Member of the New Jersey General Assembly from the 3rd district
- In office January 8, 2002 – January 11, 2022 Serving with Adam Taliaferro
- Preceded by: Jack Collins Gary Stuhltrager
- Succeeded by: Bethanne McCarthy Patrick Beth Sawyer

Deputy Speaker of the New Jersey General Assembly
- In office January 10, 2006 – January 11, 2022
- Leader: Joseph J. Roberts Sheila Oliver Vincent Prieto Craig Coughlin
- Preceded by: Herb Conaway

Chair of the New Jersey General Assembly Appropriations Committee
- In office January 10, 2012 – January 11, 2022
- Preceded by: Nellie Pou

Chair of the New Jersey General Assembly Gaming Committee
- In office January 8, 2008 – January 10, 2012

Mayor of Paulsboro, New Jersey
- In office January 1, 1996 – December 31, 2011
- Preceded by: James A. Sabetta
- Succeeded by: Jeffery Hamilton

Personal details
- Born: November 14, 1954 (age 71)
- Party: Democratic
- Website: Legislative Website

= John Burzichelli =

Member of the New Jersey General Assembly

John J. Burzichelli (born November 14, 1954) is an American Democratic Party politician from Paulsboro, New Jersey, who has been the Senator from the state's 3rd Legislative District since January 9, 2024, a seat which he won after defeating incumbent Republican Edward Durr in the 2023 elections.
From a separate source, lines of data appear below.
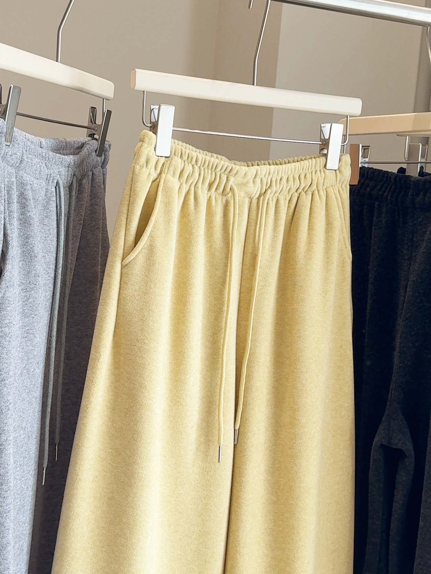 加厚休闲仿羊毛阔腿裤女2025秋冬季新款松紧高腰软糯直筒运动裤子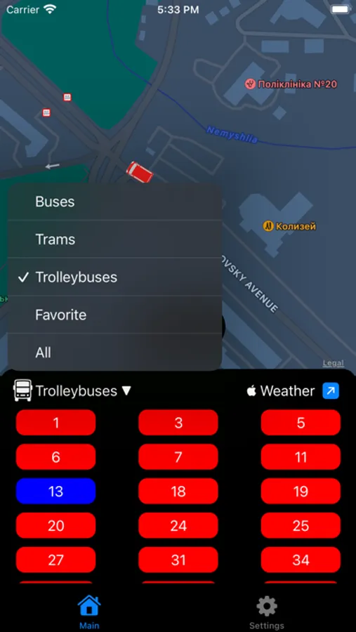 Приложение позволяющие отслеживать транспорт Харькова в реальном времени доступен городской транспорт, пригородный транспорт временно отключен.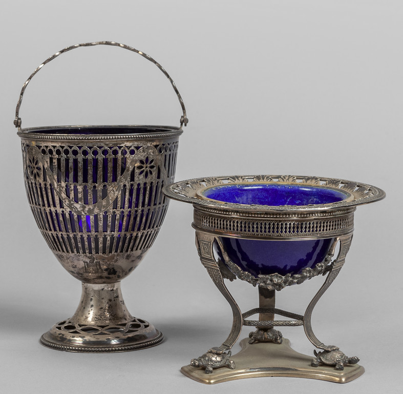 Piccolo cestino portafiori in argento Inghilterra sec.XIX e zuccheriera in argento con piedini a forma di tartaruga (gr.tot.400)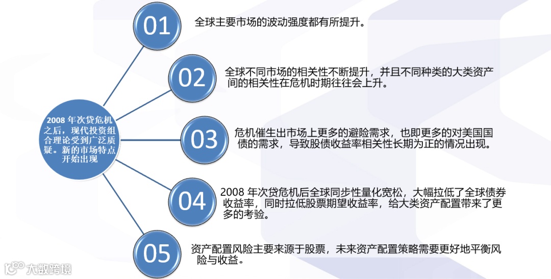 最后的第四阶段,是多项大类资产配置策略搭配的阶段。经过2008年次贷危机之后,由于各个市场波动强度提升、资产之间的相关性不断提高、甚至出现股票和债券收益率长期为正的情况,给大类资产配置带来更多的考验。毕竟对于全球资产配置策略来说,其风险仍然主要来源于股票。目前全球各大投资机构在进行资产配置时,主要根据自身的资产负债特性和风险收益偏好,在传统的资产配置理论里面,进行一些改进和创新,从而发展形成了各种风格的大类资产配置策略。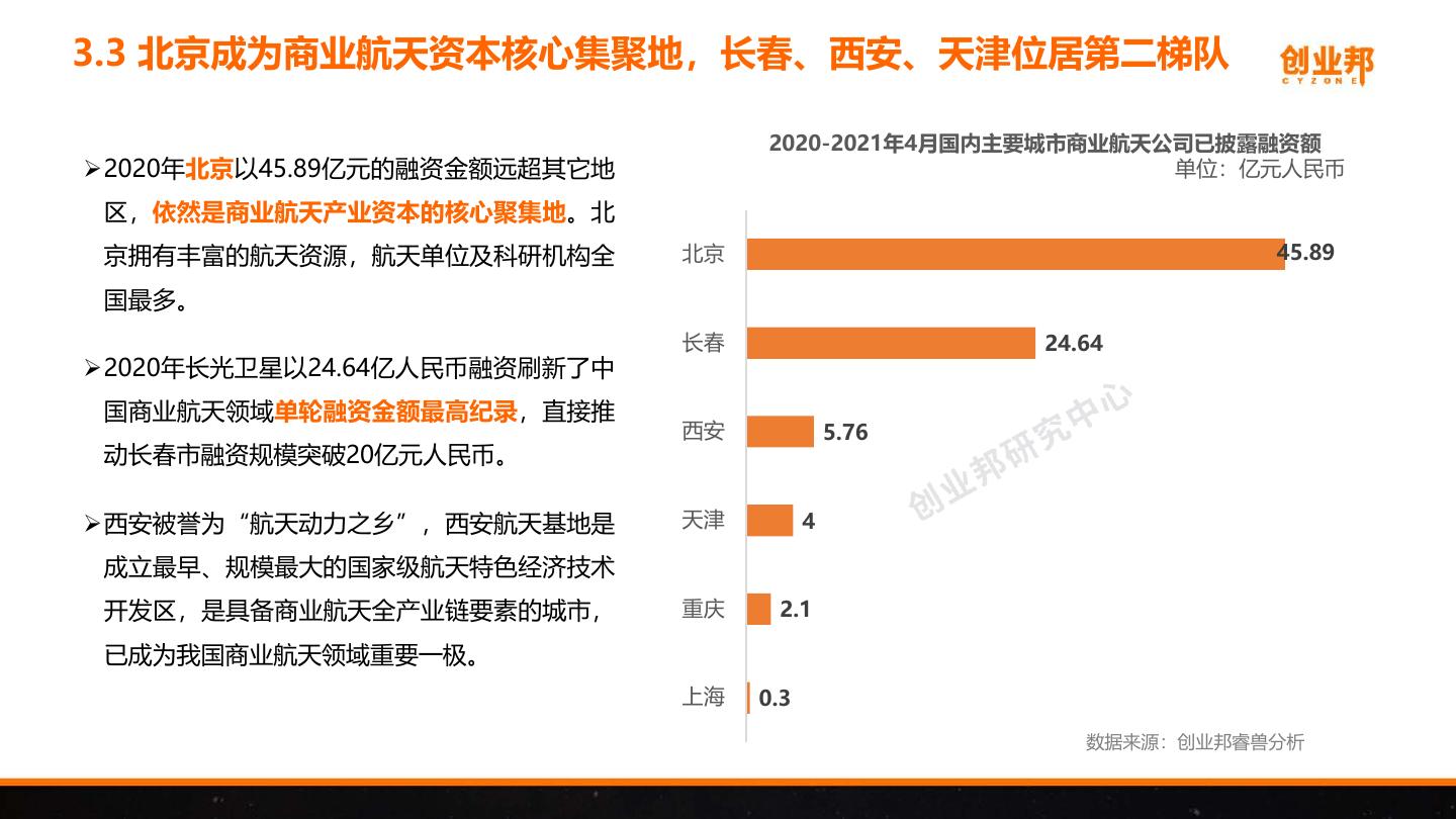 21 .3.3 北京成为商业航天资本核心集聚地,长春、西安、天津位居第二梯队 2020-2021年4月国内主要城市商业航天公司已披露融资额 2020年北京以45.89亿元的融资金额远超其它地 单位:亿元人民币 区,依然是商业航天产业资本的核心聚集地。北 京拥有丰富的航天资源,航天单位及科研机构全 北京 45.89 国最多。 长春 24.64 2020年长光卫星以24.64亿人民币融资刷新了中 国商业航天领域单轮融资金额最高纪录,直接推 西安 5.76 动长春市融资规模突破20亿元人民币。 西安被誉为“航天动力之乡”,西安航天基地是 天津 4 成立最早、规模最大的国家级航天特色经济技术 开发区,是具备商业航天全产业链要素的城市, 重庆 2.1 已成为我国商业航天领域重要一极。 上海 0.3 数据来源:创业邦睿兽分析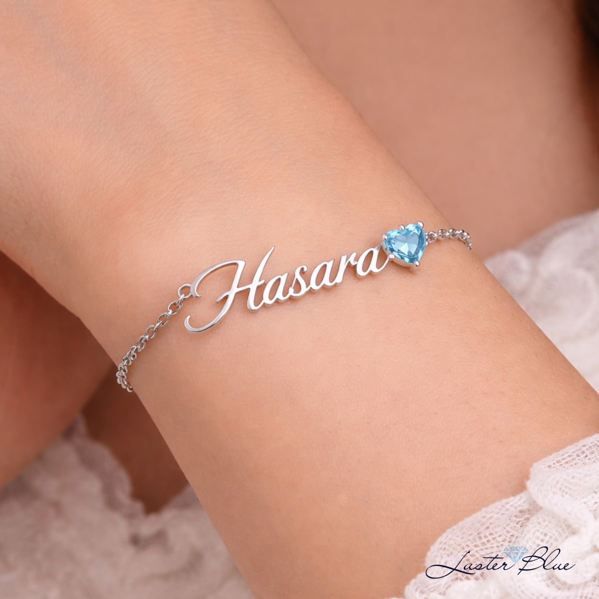 Personalized Name Bracelets with Heart Shape Birthstone – LBSB-517

Prior to winning election to the state Senate, Burzichelli served in New Jersey General Assembly for the 3rd District from 2002 to 2022, spending the last sixteen years of his time there as the Deputy Speaker of the Assembly.

== New Jersey Assembly ==
Burzichelli was the Assistant Majority Leader during the 2004-05 session and has been the Assembly's Deputy Speaker since 2006. Burzichelli had been the Mayor of Paulsboro from 1996 until 2011. From 2002 until 2011, he served as both mayor and Assemblyman which was allowed in New Jersey until 2007 when dual mandates were banned. Burzichelli was grandfathered under the law passed and allowed to continue serve in both posts until he stepped down from the mayoral post in 2011. He was president of Paulsboro Chamber of Commerce and a member of the New Jersey State League of Municipalities Executive Board. In the 2011 apportionment based on the results of the 2010 United States census, Republican Domenick DiCicco was moved from the 4th Legislative District into District 3. Burzichelli (with 25,172 votes) and Celeste Riley (23,960) won re-election, defeating DiCicco (20,268) and his running mate Bob Villare (20,528). DiCicco's loss made his seat the only gain by the Democrats in the Assembly in the 2011 election cycle. In December 2016, Burzichelli was one of several Catholic elected officials who supported legislation legalizing assisted suicide, saying that state residents should be able to make their own decisions on a matter that "is about choice". In 2019 the Assisted Suicide bill passed the legislature.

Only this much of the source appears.